At 700 pages in length, “Handguns of the World” focuses on automatic pistols from their first appearance in the 1890s until the end of World War Two (you will not find post-war designs here). It includes chapters on each country in the world involved in handgun development, including the US, Germany, Austria, Belgium, Spain, Italy, Finland, Japan, France, the UK, Czechoslovakia, and the Soviet Union. Whether you want to know about the Luger or 1911 or the Hino-Komuro or Sosso, it’s all in here. The early chapter on military revolvers provides a very good backdrop for the semiauto development, and also includes a very cool chart of such guns categorized by lockwork type – something rarely covered by other authors.

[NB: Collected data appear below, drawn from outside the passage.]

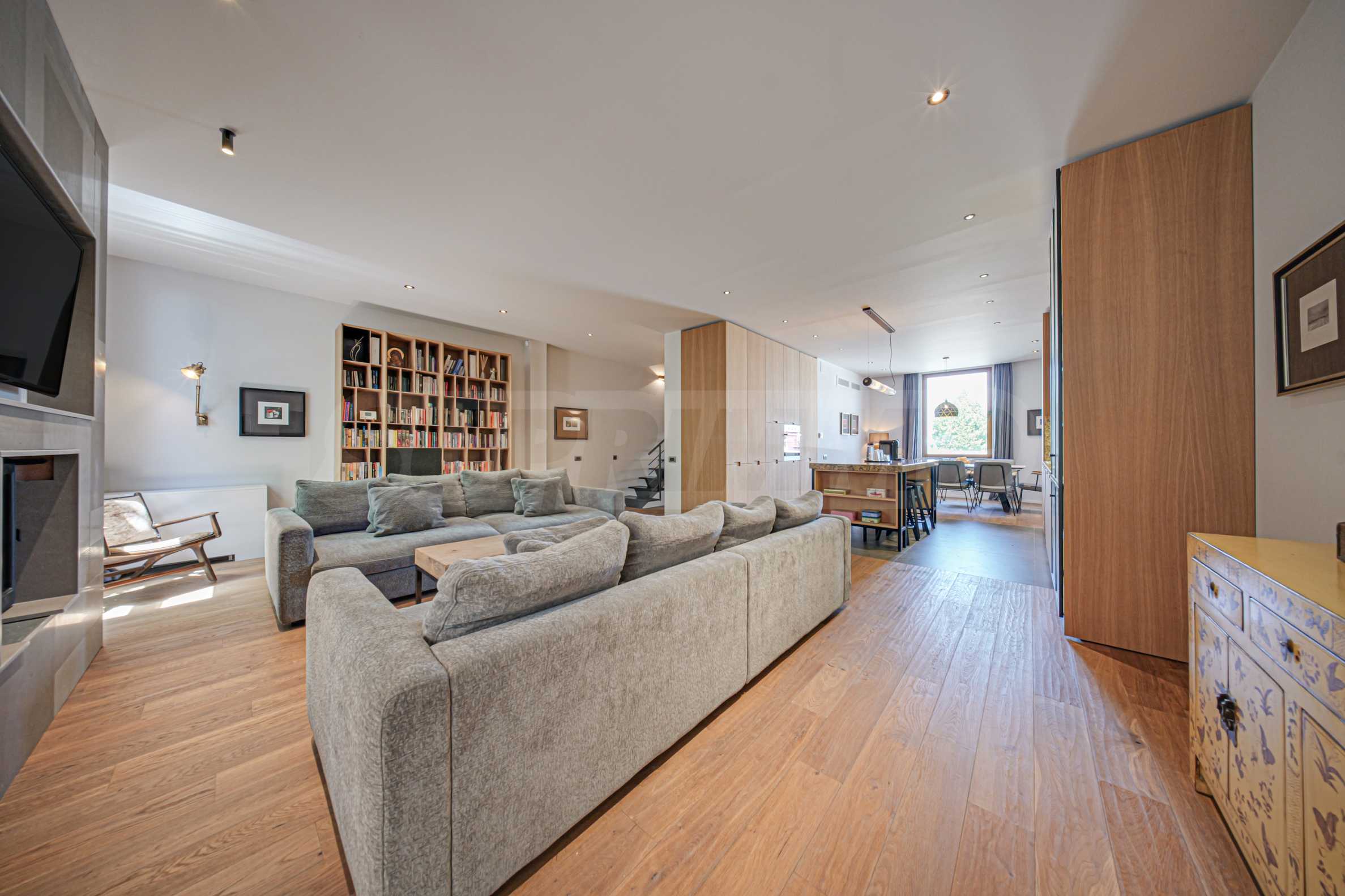 Das Untergeschoss ergänzt die Funktionalität des Anwesens durch eine Doppelgarage mit Ladestation für Elektrofahrzeuge, ein Fitnessstudio, einen Heizraum, Lagerräume und ein privates Badezimmer.
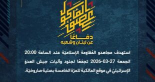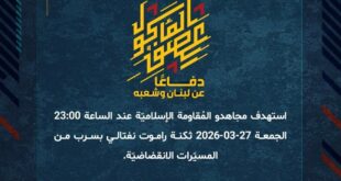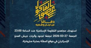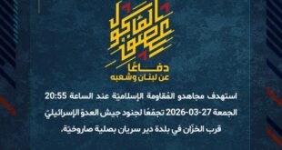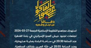 بِسْمِ اللَّـهِ الرحمن الرَّحِيمِ ﴿أُذِنَ لِلَّذِينَ يُقَاتَلُونَ بِأَنَّهُمْ ظُلِمُوا وَإِنَّ اللَّهَ عَلَىٰ نَصْرِهِمْ لَقَدِيرٌ﴾ صَدَقَ اللهُ العَلِيّ العَظِيم دفاعًا عن لبنان وشعبه، استهدف مجاهدو المُقاومة الإسلاميّة الجمعة 27-03-2026 تجمّعات لجنود جيش العدوّ الإسرائيليّ في بلدة القنطرة عند الساعة 20:30 في ساحة البلدة بصلية صاروخيّة، وعند الساعة 20:55 في خلّة العين بقذائف المدفعيّة. ﴿وَمَا النَّصْرُ إِلاَّ مِنْ عِندِ اللّهِ الْعَزِيزِ الْحَكِيم﴾ …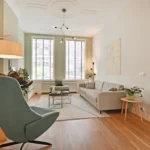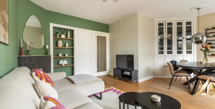 Living in a lively and central location in Bos en Lommer with an unobstructed view at the front and a lovely balcony on a quiet courtyard garden! This attractive apartment on the second floor at Jan van Galenstraat 66-II combines character, light and a very good layout. The house is a 2-room apartment (former 3-room) with a large bedroom and characteristic living room that covers the full width at the front. The apartment was completely renovated internally a few years ago and has an energy label C. Layout Through the well-kept communal staircase you reach the house on the second floor. Entrance in the central hall with access to all rooms. Here is the neat, separate toilet and a practical storage cupboard with a washing machine and dryer, as well as the utilities. The large, characteristic living room is located at the front and extends over the full width of the apartment. Thanks to the large windows and the stylish bay window, there is plenty of daylight and you have an unobstructed view over the Jan van Galenstraat and towards the Reinier Claeszenstraat. The wooden floor gives the room a warm feel and the L-shaped layout offers more than enough space for both a comfortable sitting area and a generous dining area. At the rear is the kitchen, finished in matt white and installed in 2015. The kitchen is equipped with various luxury appliances from Smeg and has direct access to the balcony. The balcony is located on a quiet courtyard garden and offers enough space for a nice seat due to the depth (approx. 1 meter). Here you can enjoy a green and unobstructed view over the surrounding buildings and the courtyard gardens. The balcony also has a handy built-in wardrobe on the right side. The very spacious bedroom is also located at the rear and has a lot of built-in closet space and patio doors to the balcony. The neat, fully tiled bathroom is accessible from the bedroom. The bathroom has a walk-in shower, a washbasin and a towel radiator and has a window for natural ventilation and daylight.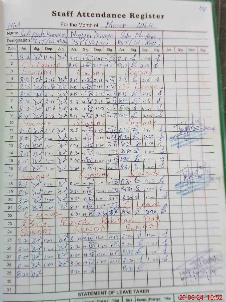 | CNIC | Full Name | Designation | R/C | Absence During Last Calender Month |

The two negatives I would express about the book are its photography and its scope, if I can be so demanding. The illustrations are all black and white, and some are pretty dark. It would be nice to see a full-solor glossy edition, although such a thing is clearly not going to happen. It would also be nice to have the scope of the book extend past 1945, to cover more recent developments, like SIG and Beretta lines among others. That said, asking for such things is truly the definition of looking a gift horse in the mouth, when you consider what this book does contain, and for what price.
I would strongly recommend Ezell’s “Handguns of the World” for both the advanced collector and the complete novice. Both of them will get a lot out of it.